:: What is needed ::
Taking the line with "将图片导入PS软件,在菜单栏" as the first, copy every line through the end of the records below exactly. Do not include pictures.

:: Task input ::

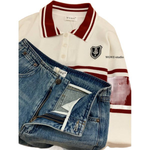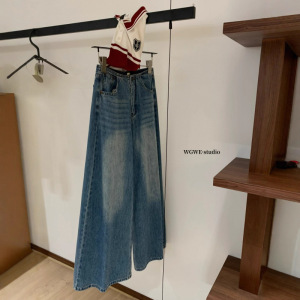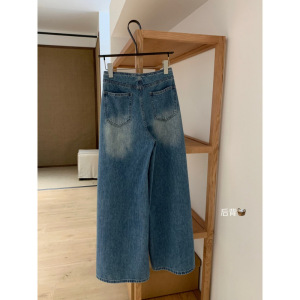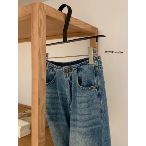 塞纳WGWE7137秋季新款复古做旧宽松显瘦高腰百搭阔腿直筒牛仔裤女
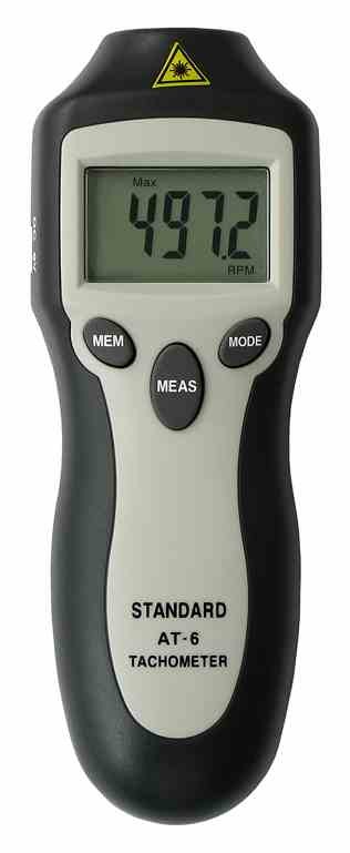 W konstrukcji tachometru AT-6 zastosowano technikę mikroprocesorową, fotoelektryczną i laserową. Przyrząd emituje wiązkę laserową, która po przejściu przez jego układ optyczny pada na obracający się obiekt, którego prędkość obrotową ma się mierzyć. Na obiekt nakleja się wcześniej taśmę samoprzylepną odbijającą światło z naniesionym paskami, ściślej wycięty z niej kwadrat o boku 12 mm. Jeśli właściowości ruchomego obiektu sprawiają, że odbija on światło, należy wcześniej pokryć go czarną taśmą farbą. Przyrząd wyposażono w funkcję monitora, która zaświeca wskaźnik w momencie, gdy światło laserowe pada na ruchomy obiekt (ściślej na kwadrat wycięty z taśmy refleksyjnej), przy czym odległość przyrządu od badanego obiektu powinna mieścić się w zakresie od 50 do 500 mm. Tachometr AT-6 mierzy zdalnie prędkość obrotową w zakresie od 1 do 99999 obr./min z rozdzielczością wskazania równą 0,1 obr./min (w zakresie od 2 do 999,9 obr./min) i 1 obr./min (powyżej 1000 obr./min). Dokładność pomiaru wynosi ±(0,05 proc. wartości wskazywanej + 1 cyfra). W razie potrzeby, użytkownik może przełączyć przyrząd na funkcję zliczania impulsów (“REV”). Korzystając z wbudowanej pamięci, można też (naciskając kolejno przycisk “MODE”) uzyskać wskazanie wartości maksymalnej, minimalnej i bieżącej pochodzącej z serii wyników pomiarów liczby obrotów uzyskanych od momentu włączenia zasilania przyrządu. Wyświetlacz ciekłokrystaliczny tachometru ma długość pięciu cyfr i podświetlenie. Czas próbkowania wynosi 0,5s przy prędkości obrotowej większej od 120 obr./min. Tachometr jest zasilany z jednej baterii 9V (6F22) lub z zewnętrznego zasilacza sieciowego o napięciu wyjściowym stałym 6 V, który przyłącza się do gniazda umieszczonego w obudowie przyrządu. Pobór prądu ze źródła zasilania nie przekracza 45 mA. Zadaniem funkcji automatycznego wyłączania zasilania jest przedłużenie czasu “życia” baterii. Funkcja ta odłącza zasilanie już po 10s braku aktywności operatora (brak naciśnięcia jakiegokolwiek przycisku). Ergonomiczna i specjalnie wyprofilowana obudowa tachometru (160x58x39 mm) z gumową osłoną wzmacnia go mechanicznie i zwiększa komfort obsługi (przyrząd wygodnie trzyma się w ręku i trudniej go z niej wypuścić). Masa tachometru wynosi 151 g. W wyposażeniu fabrycznym miernika jest futerał i bateria.
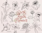 BLAUWE VOGEL. Lijn- en aquarel botanische bloemen clipart
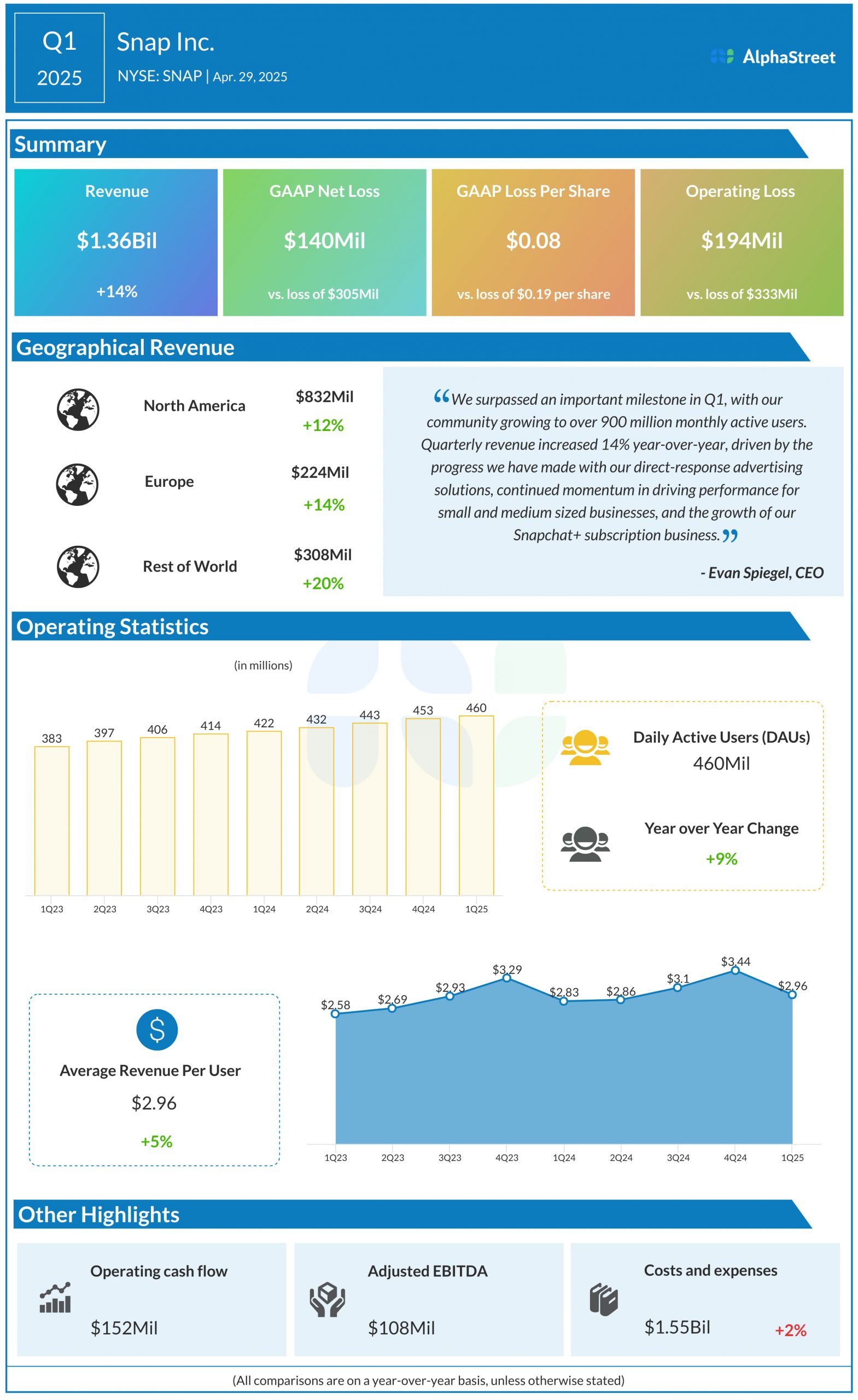 Daily active users (DAU) increased 9% YoY to 460 million in Q1.
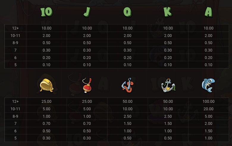 『ル フィッシャーマン(Le Fisherman)』は6リール5列、同じシンボルが縦横に5個以上出現すると配当成立となるドロップ方式のスロットゲームです。配当が成立したシンボルと同じシンボルは削除されます。
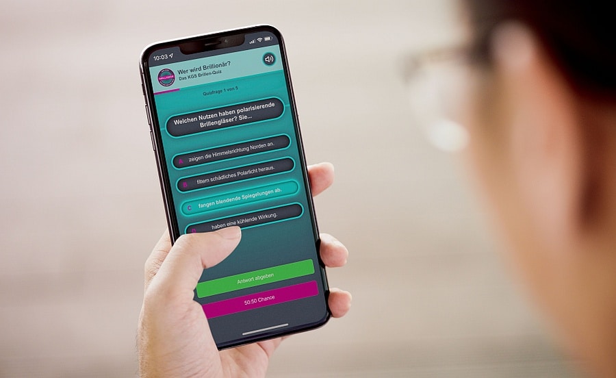 Das komplexe Produkt Brillenglas, sei es Gleitsicht, phototrop oder polarisierend, stellt für viele eine Herausforderung dar. Genau hier setzt das KGS-Quiz an, das mit einer Mischung aus Humor und Spannung die verschiedenen Brillen- und Glas-Eigenschaften verständlich erklärt. Es müssen fünf Fragen mit jeweils vier Antwort-Möglichkeiten aus einem Pool von 15 Fragen beantwortet werden. 2022 wurden über 77 Prozent aller Augenoptiker-Suchen im Kampagnen-Zeitraum durch das Brillen-Quiz ausgelöst. Mehr als 15.000 Menschen haben daran teilgenommen.
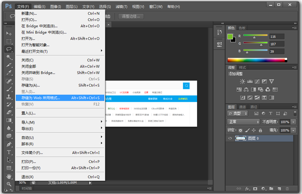 将图片导入PS软件,在菜单栏中点击【文件】——【存储为Web所用格式】,快捷键【Ctrl+Alt+Shift+S】,
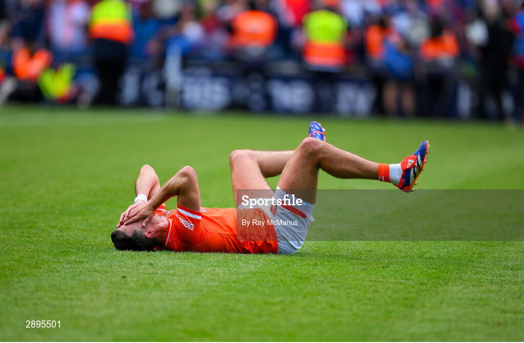 28 July 2024; Stefan Campbell of Armagh at the final whistle the GAA Football All-Ireland Senior Championship Final match between Armagh and Galway at Croke Park in Dublin. Photo by Ray McManus/Sportsfile
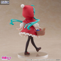 Official figure of Hatsune Miku, Little Red Riding Hood in PVC which measures approximately 16 centimeters high. It is from the Desktop Fairy collection. The manufacturer is FuRyu.
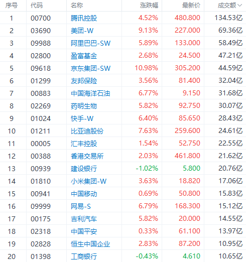 板块方面,盘面上,权重科技股全线爆发,京东飙涨11%,美团大涨超9%,网易、快手、百度涨超6%,阿里巴巴、腾讯助力恒指上涨近200点;
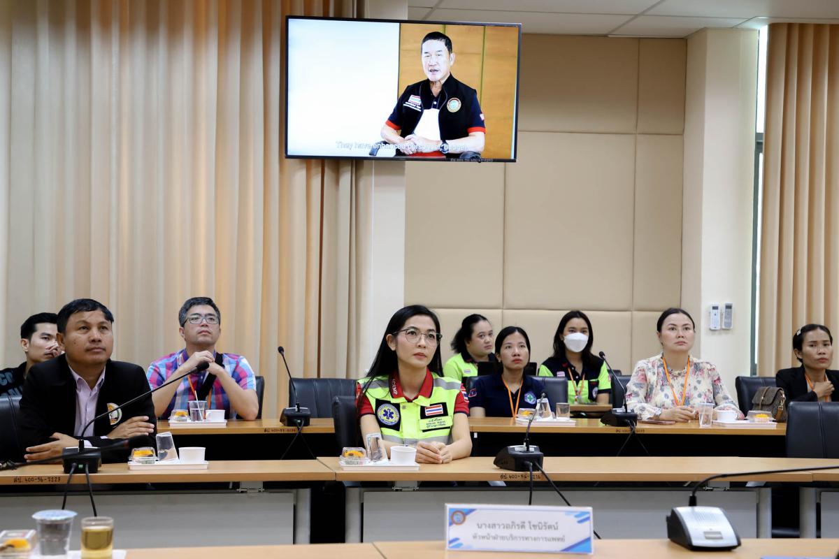 สถาบันการแพทย์ฉุกเฉินแห่งชาติ ได้ร่วมมือกับกรมความร่วมมือระหว่างประเทศ กระทรวงการต่างประเทศ และองค์การความร่วมมือระหว่างประเทศแห่งญี่ปุ่น (Japan International Cooperation Agency) ภายใต้โครงการ Third Country Third Country Training Programme กำหนด ให้มีการจัดฝึกอบรมหลักสูตร "Emergency Medical Services (EMS) Leadership and Management" ให้แก่ กลุ่มประเทศ CLMV (Cambodia Laos Myanmar Vietnam) วันที่ 22 กุมภาพันธ์ 2567 เวลา 09.00 น. โดย นายกิตติ เกียรติ์มนตรี รองนายกองค์การบริหารส่วนจังหวัดระยอง (1), นายแพทย์ชัยวัฒน์ จัตตุพร เลขานุการนายกองค์การบริหารส่วนจังหวัดระยอง, นายอรุณ วิชกิจ ผู้เชี่ยวชาญพิเศษด้านการวางแผนและวิเคราะห์นโยบาย, โรงพยาบาลส่งเสริมสุขภาพตำบล รก.ผอ.กองสาธารณสุข, พร้อมด้วย คณะผู้บริหาร และ ผู้ที่เกี่ยวข้องเข้าร่วมให้การต้อนรับคณะศึกษาดูงาน ณ ห้องประชุม 2 ชั้น 3 องค์การบริหารส่วนจังหวัดระยอง
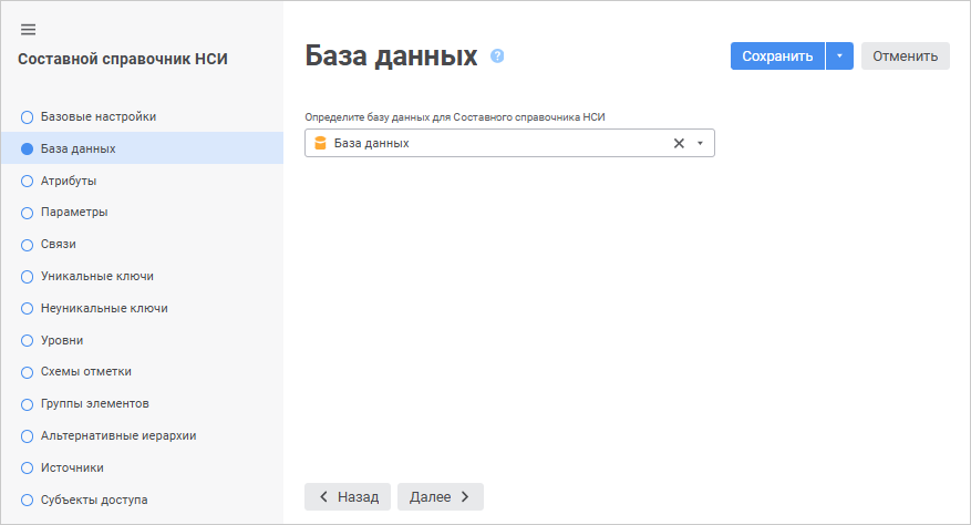 На странице «База данных» в веб-приложении и «Настройки» в настольном приложении выбирается база данных для хранения данных составного справочника НСИ.
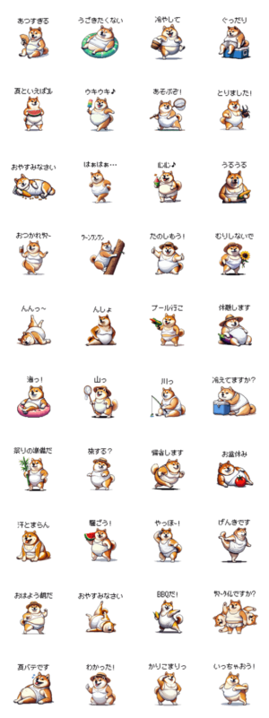 夏休みをたのしむ ふとっちょ柴犬 スタンプ画像一覧

:: Answer to the problem ::
 将图片导入PS软件,在菜单栏中点击【文件】——【存储为Web所用格式】,快捷键【Ctrl+Alt+Shift+S】,
 28 July 2024; Stefan Campbell of Armagh at the final whistle the GAA Football All-Ireland Senior Championship Final match between Armagh and Galway at Croke Park in Dublin. Photo by Ray McManus/Sportsfile
 Official figure of Hatsune Miku, Little Red Riding Hood in PVC which measures approximately 16 centimeters high. It is from the Desktop Fairy collection. The manufacturer is FuRyu.
 板块方面,盘面上,权重科技股全线爆发,京东飙涨11%,美团大涨超9%,网易、快手、百度涨超6%,阿里巴巴、腾讯助力恒指上涨近200点;
 สถาบันการแพทย์ฉุกเฉินแห่งชาติ ได้ร่วมมือกับกรมความร่วมมือระหว่างประเทศ กระทรวงการต่างประเทศ และองค์การความร่วมมือระหว่างประเทศแห่งญี่ปุ่น (Japan International Cooperation Agency) ภายใต้โครงการ Third Country Third Country Training Programme กำหนด ให้มีการจัดฝึกอบรมหลักสูตร "Emergency Medical Services (EMS) Leadership and Management" ให้แก่ กลุ่มประเทศ CLMV (Cambodia Laos Myanmar Vietnam) วันที่ 22 กุมภาพันธ์ 2567 เวลา 09.00 น. โดย นายกิตติ เกียรติ์มนตรี รองนายกองค์การบริหารส่วนจังหวัดระยอง (1), นายแพทย์ชัยวัฒน์ จัตตุพร เลขานุการนายกองค์การบริหารส่วนจังหวัดระยอง, นายอรุณ วิชกิจ ผู้เชี่ยวชาญพิเศษด้านการวางแผนและวิเคราะห์นโยบาย, โรงพยาบาลส่งเสริมสุขภาพตำบล รก.ผอ.กองสาธารณสุข, พร้อมด้วย คณะผู้บริหาร และ ผู้ที่เกี่ยวข้องเข้าร่วมให้การต้อนรับคณะศึกษาดูงาน ณ ห้องประชุม 2 ชั้น 3 องค์การบริหารส่วนจังหวัดระยอง
 На странице «База данных» в веб-приложении и «Настройки» в настольном приложении выбирается база данных для хранения данных составного справочника НСИ.
 夏休みをたのしむ ふとっちょ柴犬 スタンプ画像一覧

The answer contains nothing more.